The FSB coordinates at the international level the work of national financial supervisory authorities and international standard-setting bodies in the financial sector. It brings together representatives from central banks, finance ministries, supervisory authorities and international organisations. The FSB’s consultation report evaluates TBTF reforms for systemically important banks. These reforms were endorsed by the G20 in the aftermath of the 2008 financial crisis to make the financial system more resilient and financial crises less likely, lowering the costs to the taxpayer.
Reforms bring net benefits for society
An FSB press release on the current consultation report explains how systemically important banks are now better capitalised with stronger loss-absorbing capacity. Authorities also have more options for dealing with banks in distress.

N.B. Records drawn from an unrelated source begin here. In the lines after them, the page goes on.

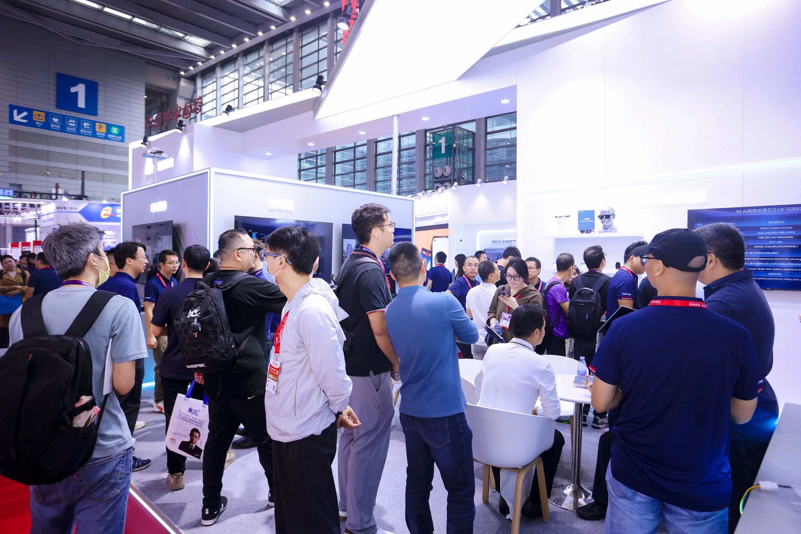 在多目拼接演示区,基于GK7606V1实现双目4K拼接,可视角度接近180度,画面中央几乎看不到拼接缝隙;同时边缘区域无明显畸变,展现了太阳集团官网拼接算法的成熟度。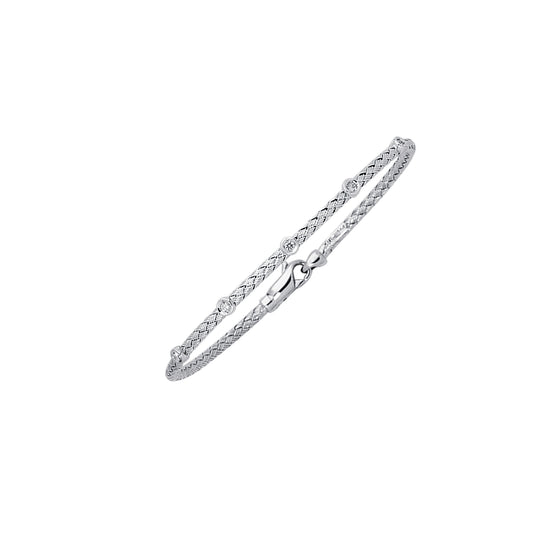 Description | 14K White Gold 7.25" .15ct Diamond Station Woven Bangle |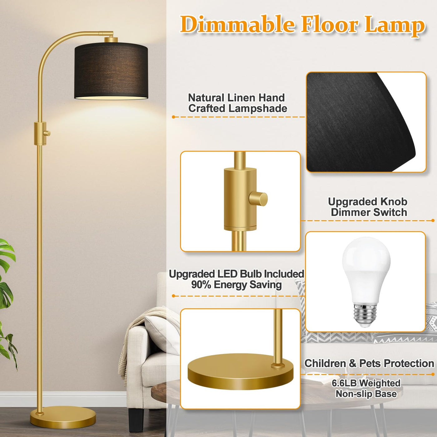 Modern Floor Lamp With 0-100% Fully Dimmable Brightness :Compared To Traditional Non-Dimmable Living Room Floor Lamps, Our Unique Floor Lamp Offers A Full Stepless Dimming Function(0 - 108%), Making It Adaptable To Various Room Styles And Lighting Requirements You Need. This Gold Floor Lamp Has A Convenient Knob Switch - Simply Twist It To Customize Your Favorable Lights Of Floor Lamps For Living Room And Bedrooms | Flexible Lampshade With 360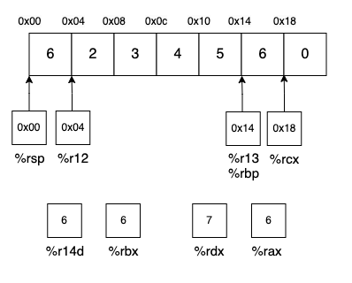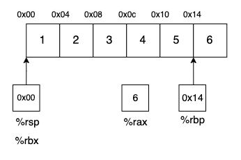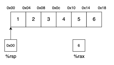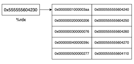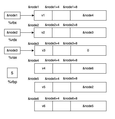 예를들어, node1에서 5번 이동하면 %rdx는 node6 주소를 값으로 가집니다.

The FSB furthermore concludes that the reforms bring net benefits for society. The provision of finance to the real economy has not suffered, Ms Buch noted, nor are there any signs of relevant negative side effects.
Still gaps to address
However, some aspects of the new regulatory regime can still be improved upon regarding bank resolvability. Scope also exists for improving reporting and disclosures.
The consultation closes at the end of September 2020. The FSB will publish its final report on the impact of the reforms next year.